In any case, they did not see evidence of any of this. Rather, Andamanese share no more ancestry with Africans than you’d expect of generic non-Africans…sort of. As it turns out when using an outgroup with only ancestral allelic states as inferred from using the chimpanzee reference Andamanese actually have fewer African alleles that Europeans and East Asians. The same is true of indigenous Australians, though the authors did not tackle this issue in detail. Of course this could be Neanderthal and Denisovan ancestry. But it isn’t.
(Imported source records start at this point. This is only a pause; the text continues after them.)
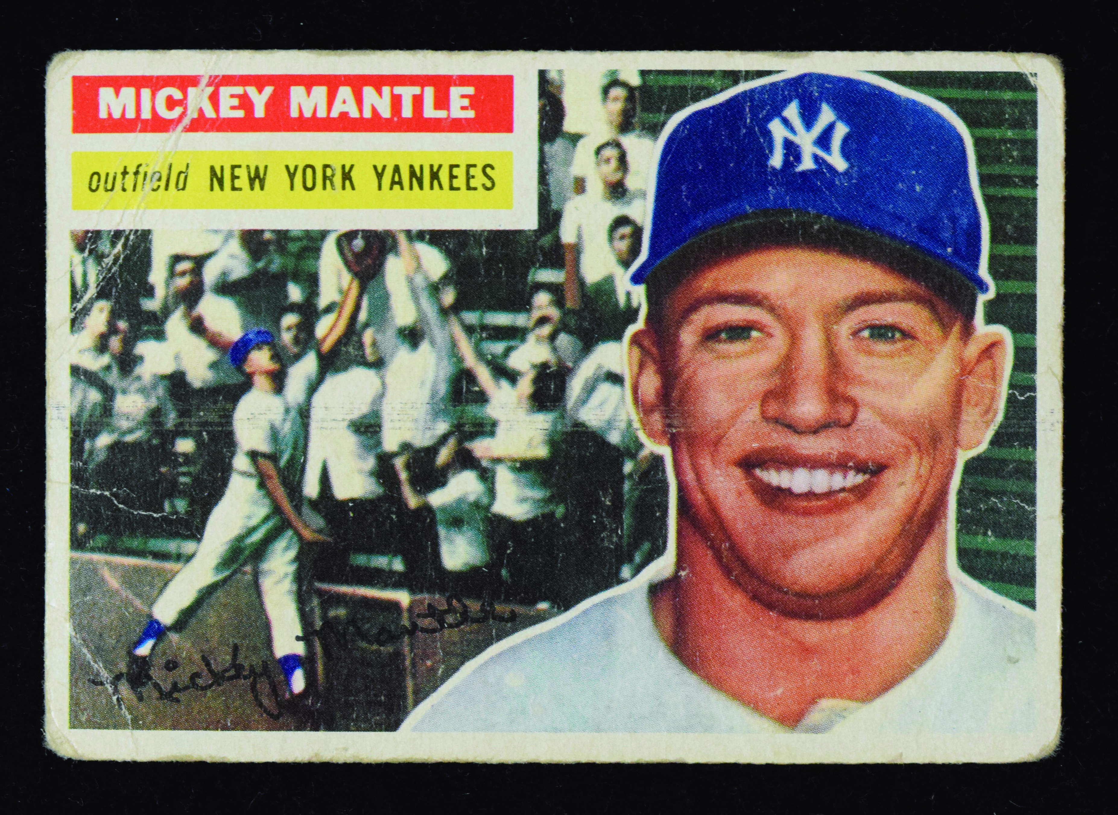 Description:1956 Topps #135 Mickey Mantle gray back (PR). Key card from the 1956 Topps set has a heavy crease in the upper left corner, as well as four rounded corners and other scattered creasing and wear. Gray back is relatively clean: PR. ($500-$750)
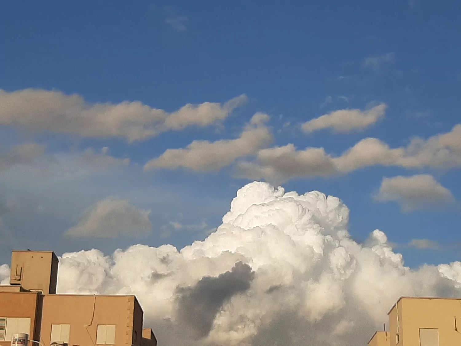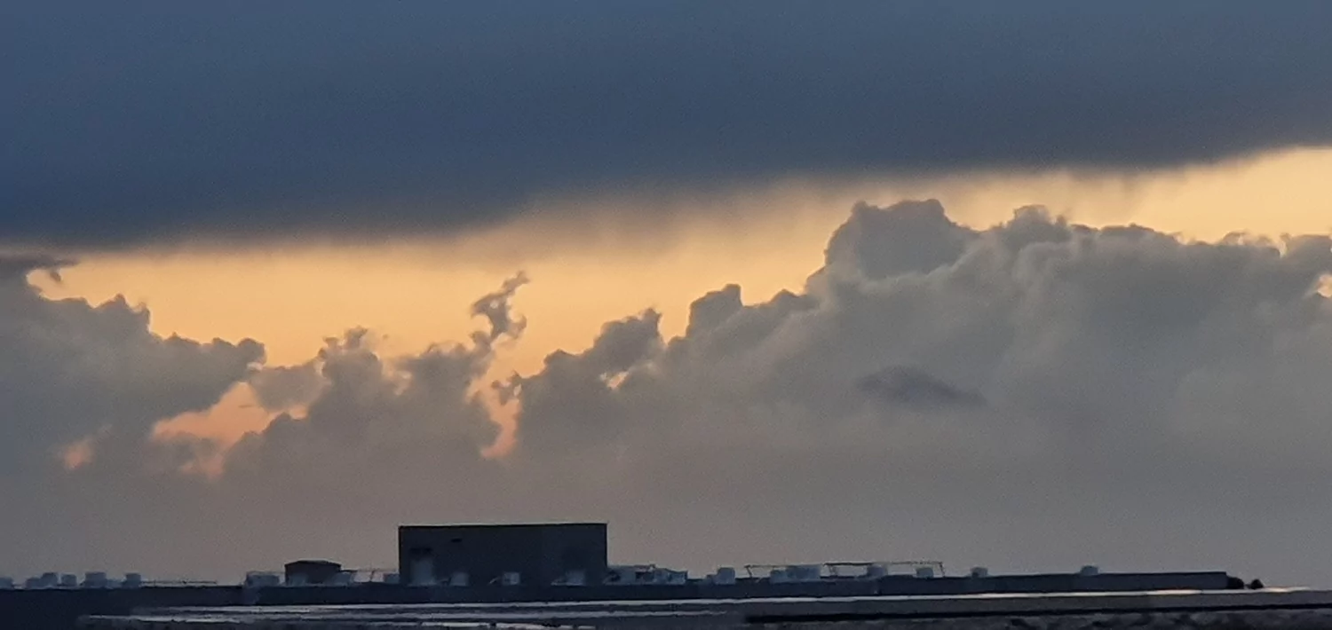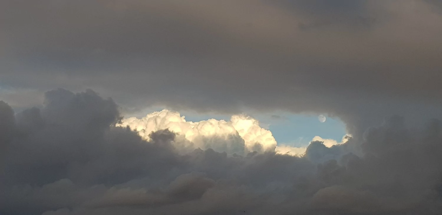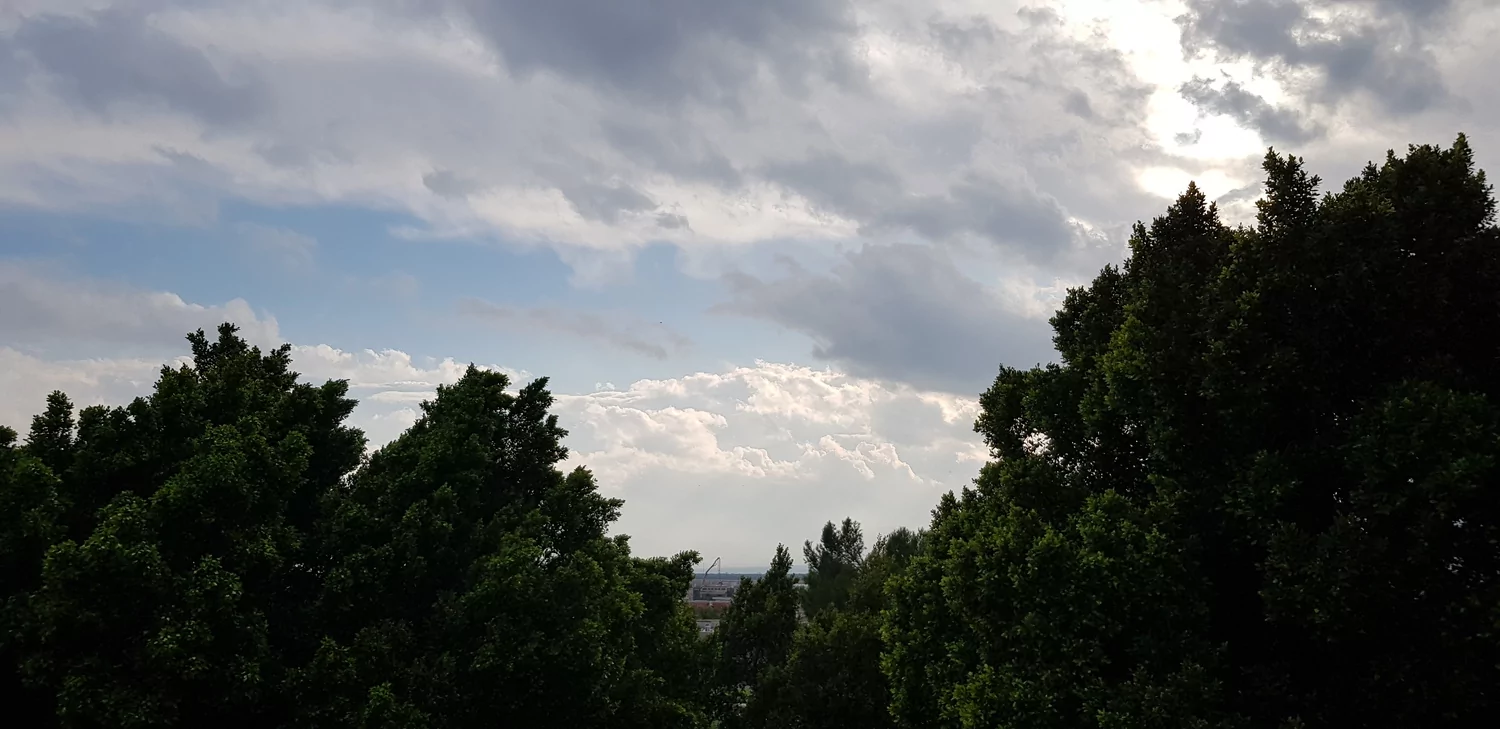 קומולוסים שחורים נראים בצד המערבי, כעת 19° עם 77% לחות
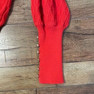 Chic red blouse with textured design. Features stylish button details on cuffs. Perfect for any occasion.

We have the ancient genomes of these populations, and the Andamanese seem typical for a East Eurasian population.

They make the inference of a few percent admixture from a population which diverged from modern humans on the order of ~300,000 years ago through a lot of testing of explicit models. Again, read the supplements. Unfortunately they don’t have the genome of the mysterious ghost population, so they can’t make definitive conclusions.

The fact that East Asians and Europeans both lack this ancestral element is peculiar, because all the evidence puts the Andamanese on the same branch as the East Asians. So you can have models whereby a composite East Asian/European population engages in back migration to Africa. Or, perhaps Ancient North Eurasians, who contributed to both Europeans and East Asians? In any case, of the models they tested it does seem that archaic admixture from a ghost population is the most likely, but that does not mean that that is the correct answer. Obviously they did not exhaust the possibilities of models and scenarios. For several years now people have been seeing strange things in the data from Australasian and isolated Southeast Eurasian groups. There’s a story here, we just don’t know much of the outlines, we’re just grasping. Both Mait Metspalu and Luca Pagani have papers in the works….
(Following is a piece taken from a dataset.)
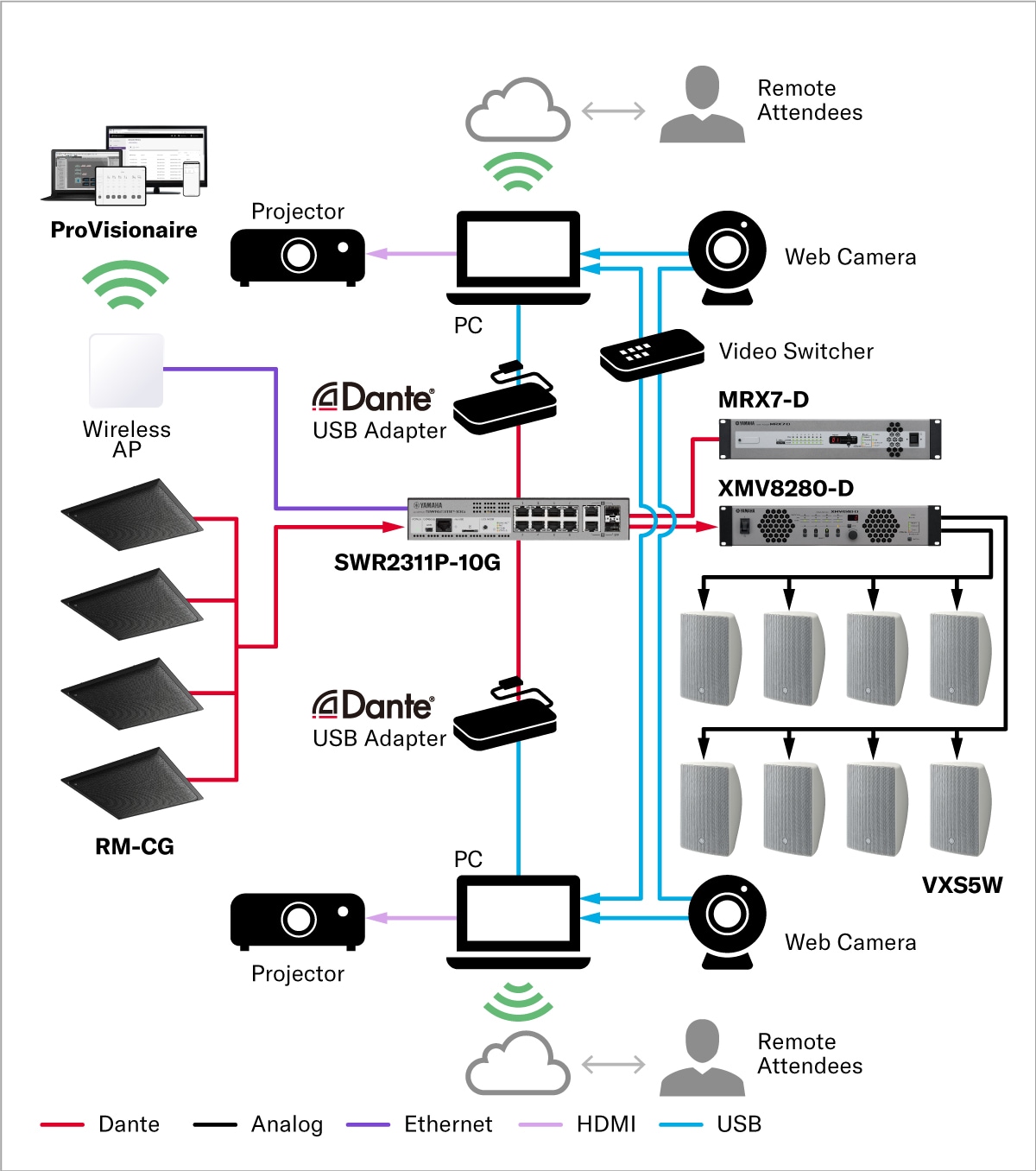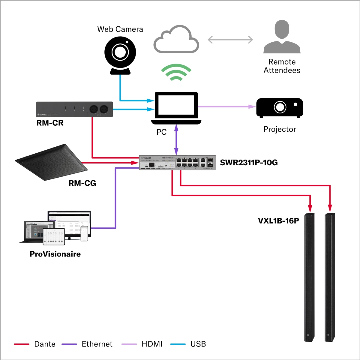 A Yamaha desenvolveu várias funções de processamento de sinal ideais para aplicações relacionadas à voz, como o Acoustic Echo Canceller (AEC), que suprime automaticamente o feedback que pode interferir nas reuniões, e o Auto Mixer, que ajusta automaticamente o volume de vários caixas acústicas e elimina ruídos indesejados. Nosso software dedicado ProVisionaire também pode ajudar os usuários a minimizar problemas relacionados à fala por meio do controle remoto dos parâmetros e da configuração do sistema.

What about the clarifying? It strikes me that they used some stringent selection tests (e.g., focusing on hard sweeps?), and still hit pay-dirt on positive results for the Andamanese. Both selection tests, and polygenic scores, suggest there’s a bias toward being small in these two groups. I’m curious if the Sentinelese would be the same. The thesis here is that islands result in dwarfism. But I wonder if the selection here is very recent indeed. The authors note that some of the sweeps are not complete. In the last few hundred years there has been a massive demographic collapse of the Andaman Islanders, and only the Sentinelese preserve their lifestyle in a pristine fashion.

This relates to the question in regards to phylogenetics. The authors indicate the the phenotype of these Austro-Melanesian populations is not necessarily due to shared descent from Africans, but adaptation to local circumstances. I don’t think they’ve proven it as such, but they’ve definitely shown that there’s a lot of selection occur in their new habitats. Curiously they don’t detect that there’s been adaptive introgression from the archaic, but I’m not sure if they have the power to detect that sort of thing anyhow. But, it might indicate that the admixture occurred further north?

Finally, I should mention that the Andamanese genomes are now online.